Differentiable Image Compression via KAN-Driven Dynamic Quantization (model and dataset)

Citation Author(s):: 天翼刘 (兰州大学)
Submitted by:: TianYi Liu
Last updated:: Wed, 02/12/2025 - 07:15
DOI:: 10.21227/jrxa-rq63

140 views

Categories:

Artificial Intelligence

Keywords:

KAN

ACCESS DATASET CITE

Abstract

The rapid evolution of visual data demands compression technologies that balance theoretical expressiveness with practical deployment constraints. Current learning-based approaches face dual challenges: non-differentiable quantization operations that hinder end-to-end optimization, and rigid architectural components limiting adaptability to diverse content characteristics. This paper introduces a novel neural compression framework that integrates principles from Kolmogorov-Arnold Networks (KANs) with dynamic quantization mechanisms. Our threefold contribution addresses these limitations through: (1) A spline-enhanced hybrid architecture combining KAN's adaptive nonlinearities with convolutional feature extraction, theoretically grounded in function decomposition theory; (2) A trainable quantization process employing content-dependent step sizes with bounded gradient approximation errors; (3) An autonomous rate control system that dynamically balances distortion and entropy constraints. Extensive evaluations demonstrate the framework's superiority in rate-distortion performance compared to state-of-the-art codecs, particularly in preserving high-frequency components critical for perceptual quality. Practical implementations reveal robust performance across standard benchmarks and emerging multimedia formats. Beyond immediate compression applications, this work establishes foundational insights for developing explainable neural codecs, suggesting promising extensions to video and volumetric data compression through adaptive basis function learning.

Instructions:

The dataset utilized in this study is the well-known Kodak dataset (commonly referred to as Kodak24 or kodim). This dataset contains 24 high-quality, uncompressed true-color (RGB) images with a resolution of 768×512 pixels, widely used as a benchmark in the image compression and quality evaluation community. Each file is stored in the PNG format, preserving the original image fidelity. The Kodak dataset provides a diverse range of image content, including landscapes, portraits, and indoor scenes, enabling a comprehensive evaluation of compression algorithms across various visual contexts.

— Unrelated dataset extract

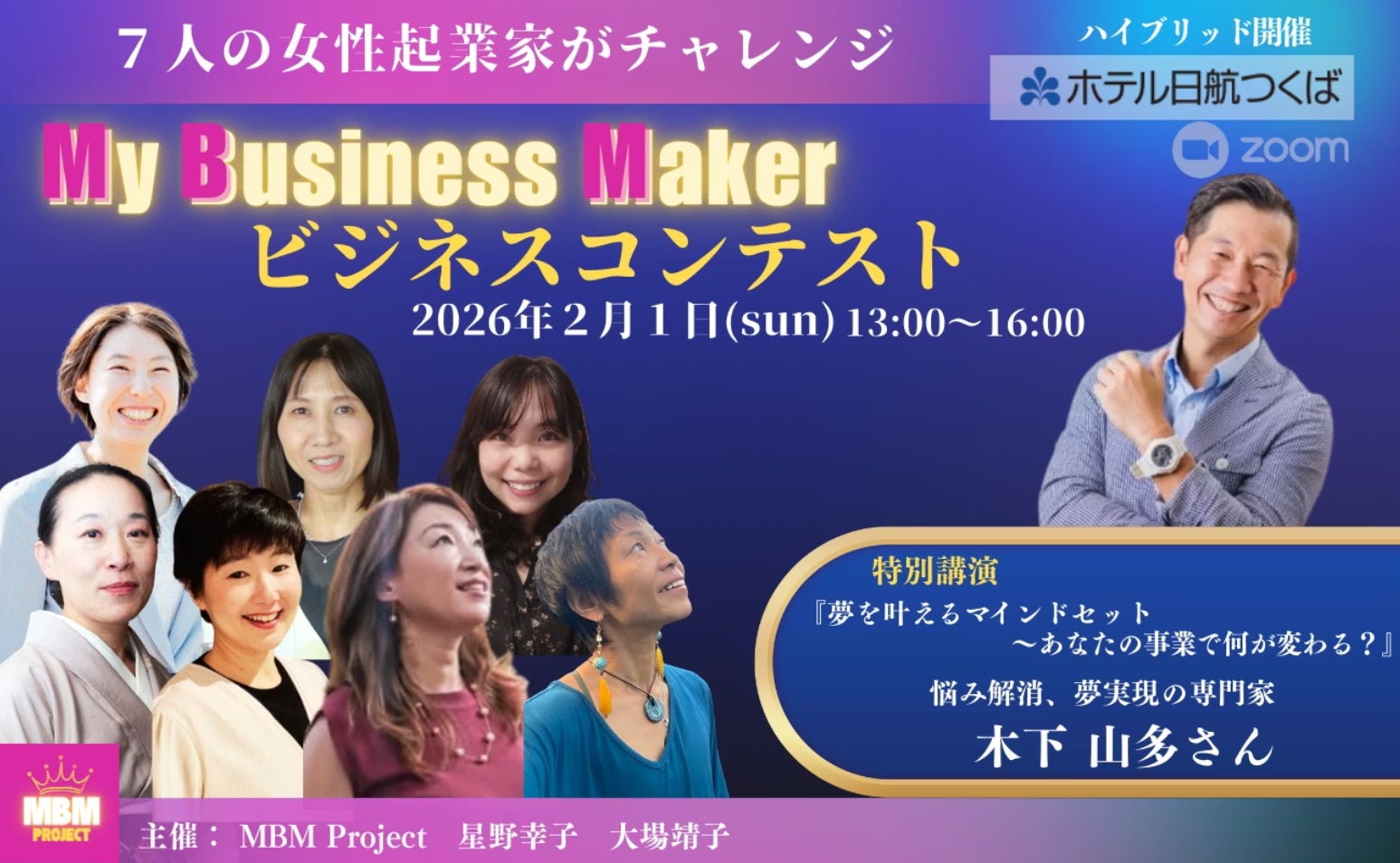 2025/12/27 17:13いつも温かいご支援をありがとうございます。みなさまのおかげで、この度2026年 2月1日に「女性起業家ビジネスコンテスト」 を開催する運びとなりました。クラウドファンディングにご協力いただいたおかげで、7名の女性たちが、それぞれのビジネスを カタチとして表現する場 をつくることができました。本当にありがとうございます。このコンテストは、ただの発表会ではありません。今まさに挑戦している彼女たちが、 ・ 未来に向かって大きな一歩を踏み出す瞬間 ・ 自分の想いとビジネスをひとつにする瞬間を、舞台の上で言葉として届ける時間です。この2月1日という日は、彼女たちにとって ビジネスの今後を動かす最初の一歩目 になります。だからこそ、みなさんにはぜひこの場に来ていただきたいのです。直接その瞬間を共有していただくことで、 ・挑戦の舞台に立つ7名へのさらなる応援・後押し ・彼女たちの人生が変わる瞬間の 目撃者になってほしいと心から思っています。━━━━━━━━━━━━━━━ 特別登壇者紹介:木下山多さん━━━━━━━━━━━━━━━今回、コンテストの審査やメッセージにも深く関わってくださるのが、木下 山多(きのした さんた)さん です。木下さんたさんは、合同会社 un-Limited School の代表として、体験型の講演・セミナー・研修を全国で行っている方です。元々は大手商社に勤務し、海外や多様な現場を経験した後、教育の現場へと転身されました。そして、その経験を活かして企業研修やカウンセリング、心理学ベースのワークや教育プログラムを提供されています。独立後は、日本全国だけでなく海外でも講演活動をされており、数冊の著書でも幅広い読者に支持されています。多くの方からは、「自分の中に眠っていた想いや可能性が、言葉と体験を通じて一気に開かれた」「楽しいだけでなく、腑に落ちる気づきがある」という感想が届く、魅力ある語りと問いかけのある方です。(ページに掲載されている本人紹介文はぜひご参照ください)https://joseikigyouka-contest-kwiq0ep.gamma.site/━━━━━━━━━━━━━━━こんな方にぜひ来てほしい━━━━━━━━━━━━━━━✔︎ 起業や挑戦に興味がある✔︎ 新しい一歩を踏み出すきっかけがほしい✔︎ 素直に応援したい気持ちをカタチにしたい✔︎ 目の前で成長の瞬間を見届けたいそんな方にとって、このコンテストは 単なるイベント以上の時間 です。勇気ある挑戦者を、あなたの存在で応援してあげてください。━━━━━━━━━━━━━━━ご参加方法━━━━━━━━━━━━━━━当日は会場でのご参加はもちろん、Zoomでのオンライン参加もご用意しています。現地でも画面越しでも、同じ空間に立ち会っているような気持ちで応援していただけます。そして当日は、会場近くで懇親会も開催されます。美味しいお料理とアルコールもフリードリンクで用意させていただきました。こちらもぜひ。交流懇親の場として合わせてご参加ください。━━━━━━━━━━━━━━━下記のリターンからご支援くださった方━━━━━━━━━━━━━━━◆サポーター部門 【5,000円】 未来応援サポーター ◆サポーター部門【10,000円】 プレミアム応援サポーター◆サポーター部門【15,000円】 プレミアム応援サポーター 上記のリターンからご支援くださった方は、会場・Zoomいずれにしても無料でご参加いただけます。お申し込み方法はメールでお送りしますのでメールボックスをご確認くださいませ。当企画について、詳しくはこちらからhttps://joseikigyouka-contest-kwiq0ep.gamma.site/最後に、もう一度だけ…この企画がここまで進んだのは、みなさまのご支援があってこそ です。心からの感謝を込めて、当日お会いできることを楽しみにしています。ぜひ、2月1日をご一緒に。MBMPROJECT 主宰 星野幸子・大場靖子 もっと見る【クラウドファンディング終了のご報告と感謝を込めて】
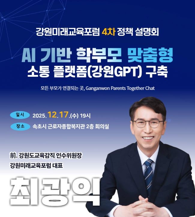 [프라임경제] 강원미래교육포럼 최광익 대표는 강원교육의 새로운 방향을 제시하기 위한 'AI 기반 학부모 맞춤형 소통 플랫폼(강원GPT) 구축 정책설명회'를 오는 17일 오후 7시, 속초 근로자종합복지관 2층에서 개최한다.

In addition to the evaluation dataset, our work includes a complete set of training logs, meticulously recorded during the model training process. These logs include detailed epoch-level and batch-level records of loss values, gradient information, and other key metrics that can aid in the analysis, reproducibility, and future optimization efforts. The logs serve as a valuable resource for researchers to understand the behavior of the model during training and can also support insights into convergence trends.